Genome Assembly Standards for EBP-Affiliated Projects
EBP Assembly Standards
Version 7.0 | January 2026
The Earth BioGenome Project assembly standards define recommended minimum quality targets for reference genomes contributing to EBP goals. These standards are updated regularly to reflect advances in sequencing, assembly, curation, and data submission practices.
Summary
The Earth BioGenome Project (EBP) Assembly Standards document defines recommended quality standards, submission guidelines, and best practices for generating high-quality reference genomes across the tree of life. The standards are regularly updated to reflect advances in sequencing and assembly technologies and currently define different assembly targets for standard eukaryotic genomes, low-input species, ultra-low-input organisms, and unculturable single-cell eukaryotes.

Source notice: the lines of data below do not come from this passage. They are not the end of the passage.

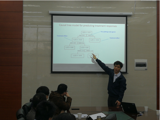 分别做了题为《Data driven causal relationship exploration and applications》、《Causal decision trees》、《Causal inference methods and applications in Bioinformatics》的学术报告。计算机软件与理论研究所王浩教授、吴共庆所长、俞奎教授主持了报告会。91网址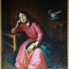 - sur la table, l’oeillet et le chardonneret (la Passion) ont été remplacées par des fleurettes bleues et des ciseaux (la Couture) ;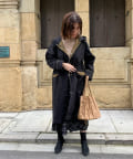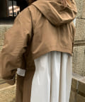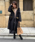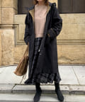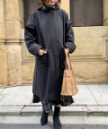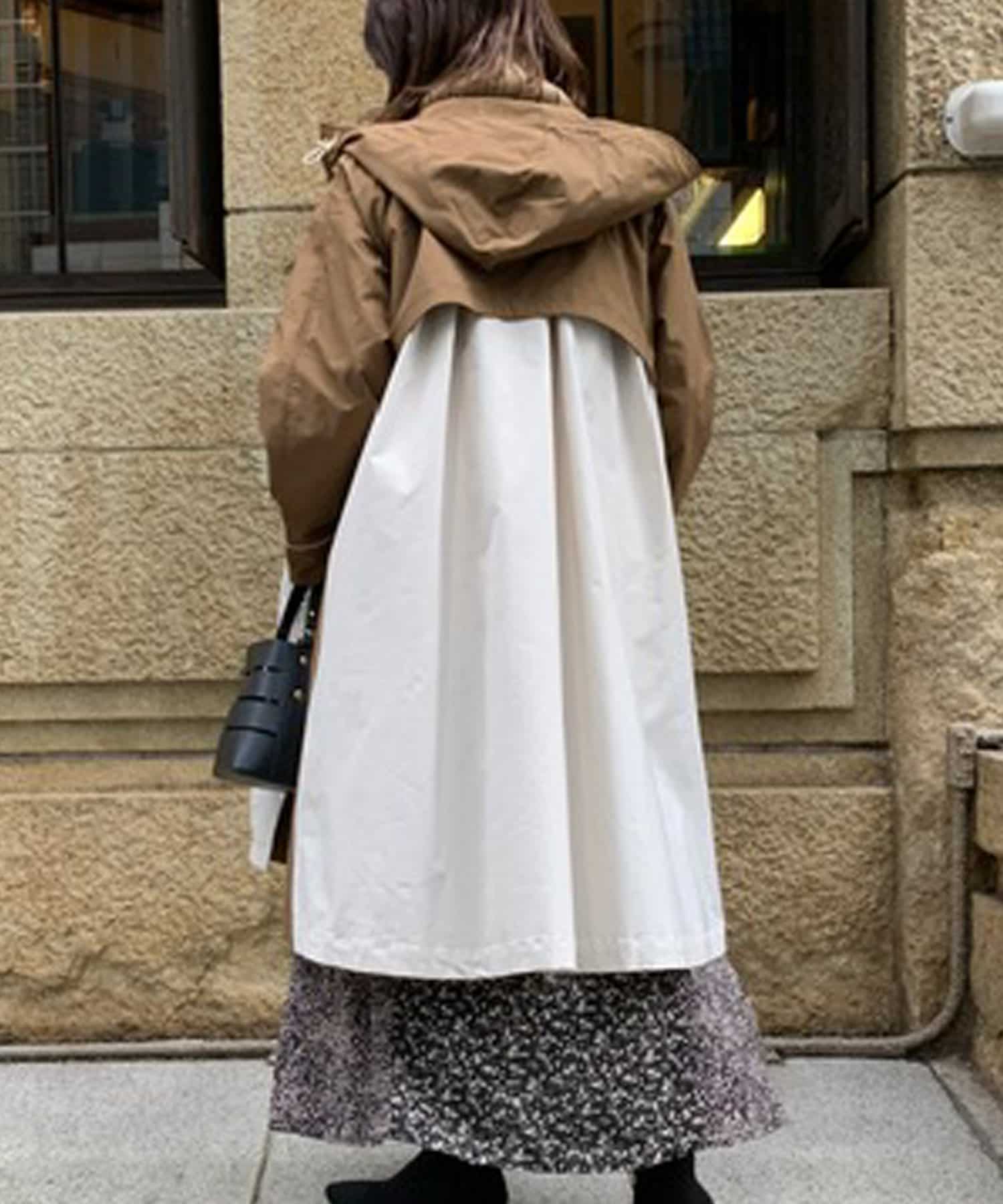 バックにギャザーをたっぷり入れたデザイン。バイカラーで羽織るだけで着映えするコート。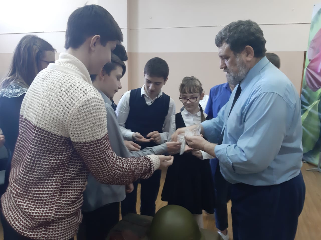 В завершении мероприятия представитель Российского военно-исторического общества Александр Петров от имени организации вручил гостю благодарность, а также передал школе коллекцию фильмов о военной истории России и великих полководцах.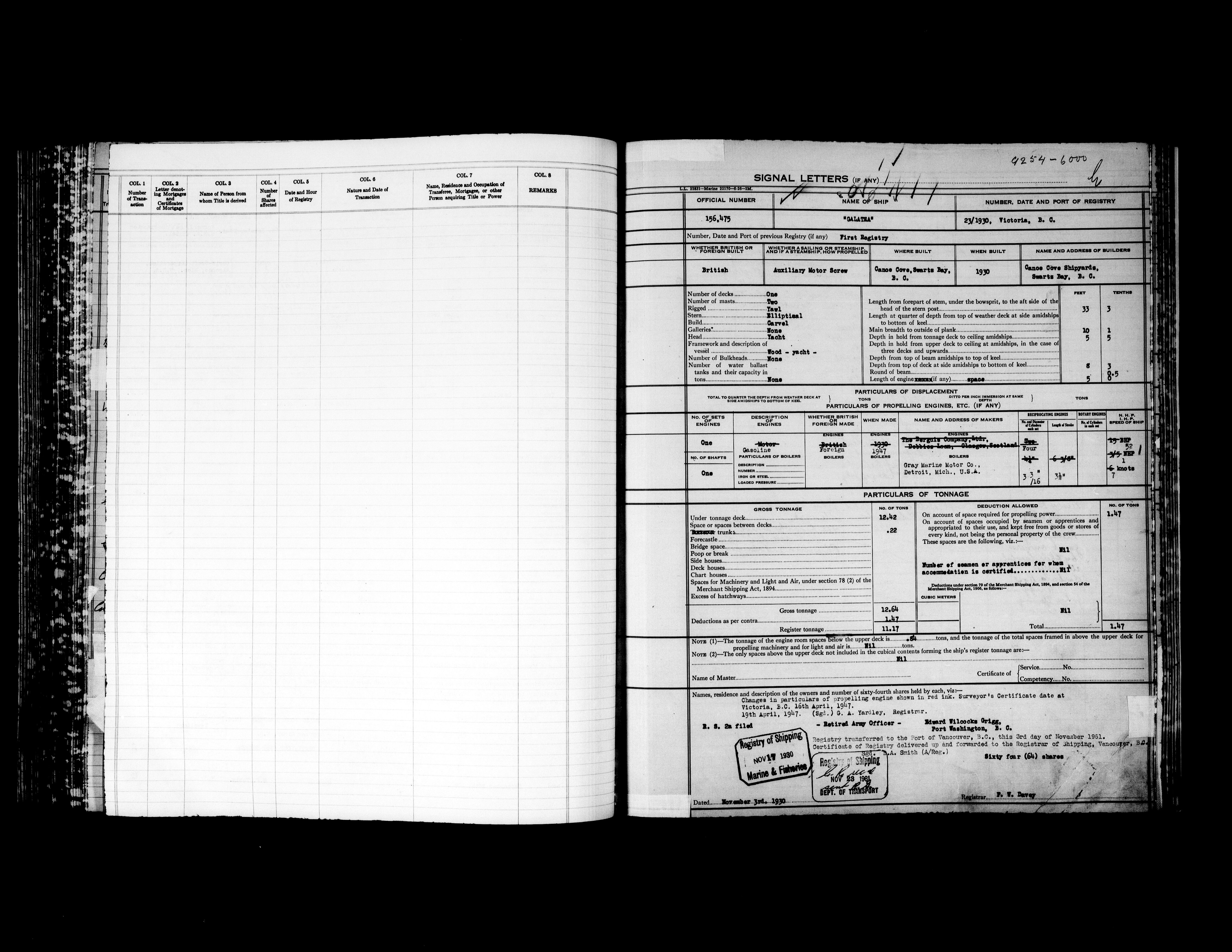 Department of Transport : Registers and ledgers cards of ships closed-out (1904-1983) - 11918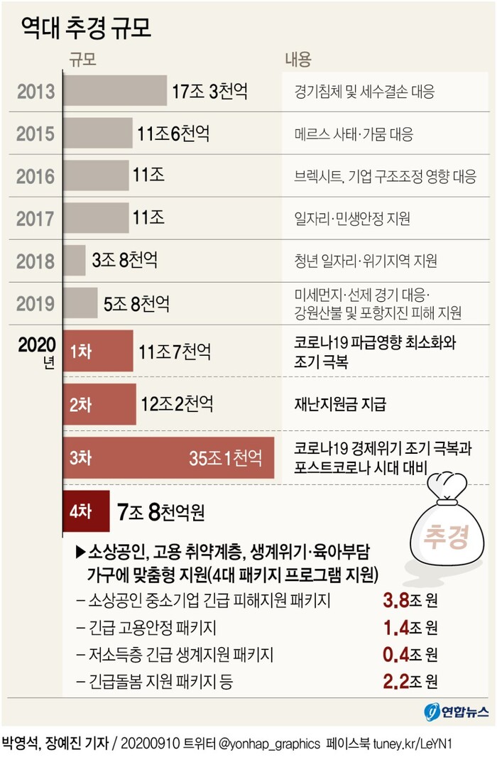 ▲ 역대 추경 규모. [그래픽= 연합뉴스] |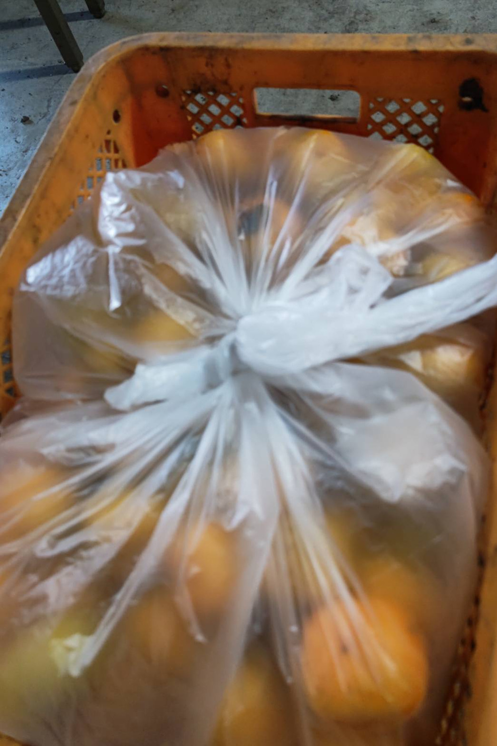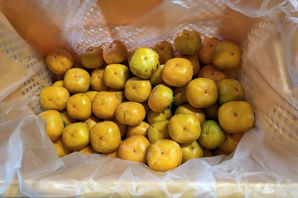 渋抜き用の焼酎と渋柿をビニールに入れて密閉しました😃約2週間くらいつけると渋が抜けて、甘く生食でも食べられるようになります!!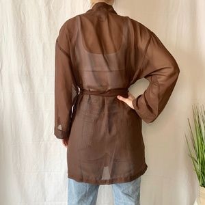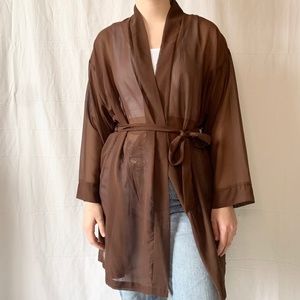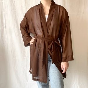 Features a tie belt to style in many different ways, with long sleeves. Lightweight sheer fabric. This chocolate brown sheer robe is perfect for all four seasons. Style it with jeans and a tee in the spring, over your bathing suit in the summer, and with a turtle neck for the fall and winter. It has an interior tie to keep it tied shut, as well as the belt tie.

For most eukaryotic species with sufficient DNA, the recommended minimum standard is 6.C.Q40, representing megabase-scale contig continuity, chromosome-scale scaffolding, and high base accuracy. Additional quality targets include high BUSCO completeness, low false duplication rates, and strong chromosomal assignment. The document also outlines standards for low-input and ultra-low-input assemblies, including emerging methods such as PiMmS and whole genome amplification approaches for sequencing tiny organisms.
The report further details recommended quality control practices, including contaminant removal, organellar genome separation, haplotype identification, chromosome naming, and telomere completeness. It also provides guidance for diploid and phased genome assemblies, including naming conventions such as .hap1, .hap2, .mat, and .pat.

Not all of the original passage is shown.